| EXERCISE INSTRUCTIONS |
In the records below, find the line with "LevroTest PM Formula" and the line with "are Latex Free". Print both exactly, along with every line between them, and no other line.

| TASK INPUT |
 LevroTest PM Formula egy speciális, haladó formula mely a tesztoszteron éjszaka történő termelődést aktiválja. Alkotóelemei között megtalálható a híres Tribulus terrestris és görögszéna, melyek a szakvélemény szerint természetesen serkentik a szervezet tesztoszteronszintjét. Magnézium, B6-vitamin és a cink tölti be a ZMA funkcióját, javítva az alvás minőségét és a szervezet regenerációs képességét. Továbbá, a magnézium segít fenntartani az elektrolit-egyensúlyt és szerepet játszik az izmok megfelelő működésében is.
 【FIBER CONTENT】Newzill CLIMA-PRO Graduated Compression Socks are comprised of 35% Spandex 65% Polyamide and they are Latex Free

--

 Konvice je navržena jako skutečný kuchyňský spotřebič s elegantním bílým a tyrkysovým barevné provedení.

==

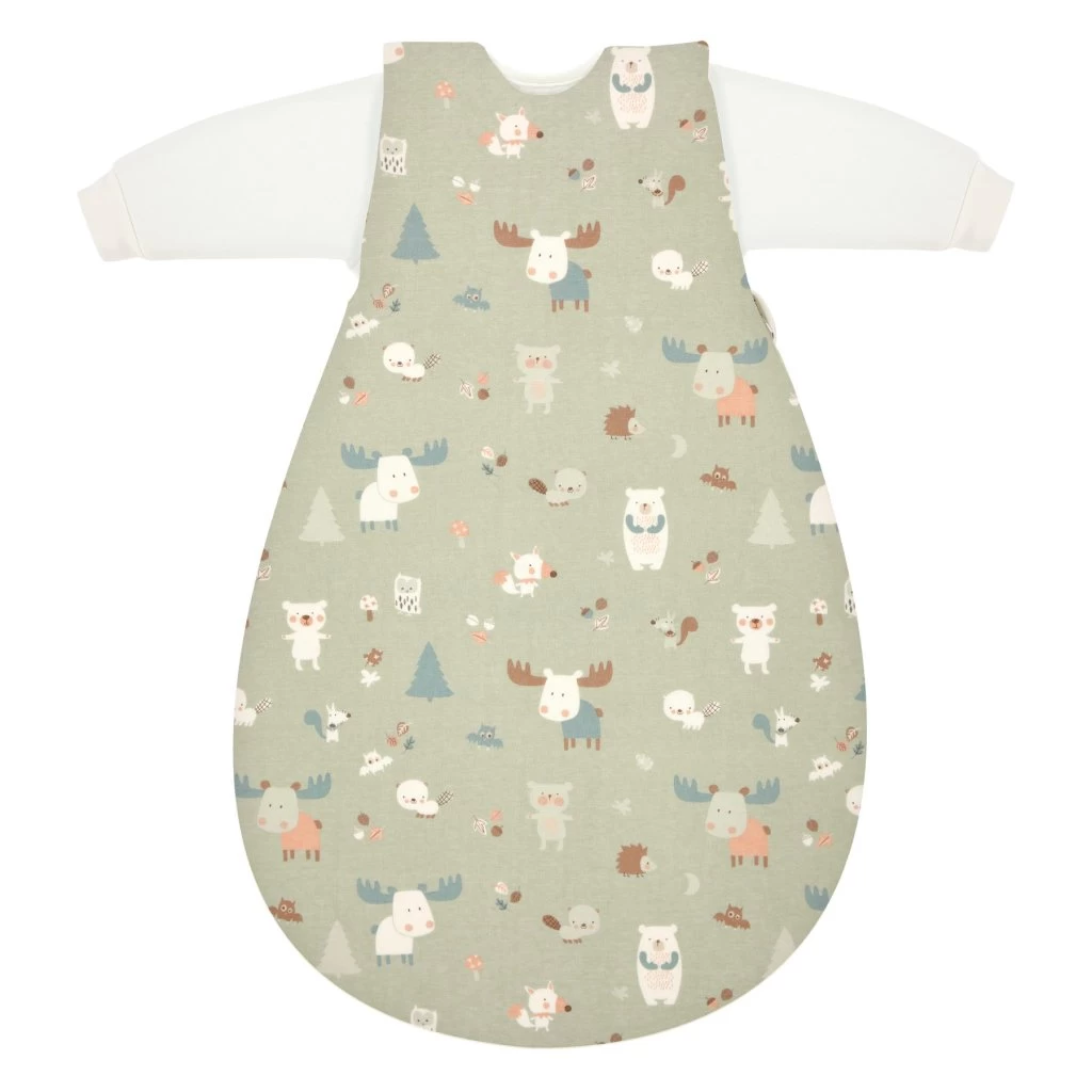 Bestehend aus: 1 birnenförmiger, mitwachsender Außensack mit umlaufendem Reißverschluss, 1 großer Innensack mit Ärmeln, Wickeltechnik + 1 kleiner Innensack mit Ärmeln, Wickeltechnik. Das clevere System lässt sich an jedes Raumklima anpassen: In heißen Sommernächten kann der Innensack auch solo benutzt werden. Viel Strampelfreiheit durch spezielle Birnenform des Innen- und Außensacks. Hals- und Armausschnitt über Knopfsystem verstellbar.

| WRITTEN ANSWER |
 LevroTest PM Formula egy speciális, haladó formula mely a tesztoszteron éjszaka történő termelődést aktiválja. Alkotóelemei között megtalálható a híres Tribulus terrestris és görögszéna, melyek a szakvélemény szerint természetesen serkentik a szervezet tesztoszteronszintjét. Magnézium, B6-vitamin és a cink tölti be a ZMA funkcióját, javítva az alvás minőségét és a szervezet regenerációs képességét. Továbbá, a magnézium segít fenntartani az elektrolit-egyensúlyt és szerepet játszik az izmok megfelelő működésében is.
 【FIBER CONTENT】Newzill CLIMA-PRO Graduated Compression Socks are comprised of 35% Spandex 65% Polyamide and they are Latex Free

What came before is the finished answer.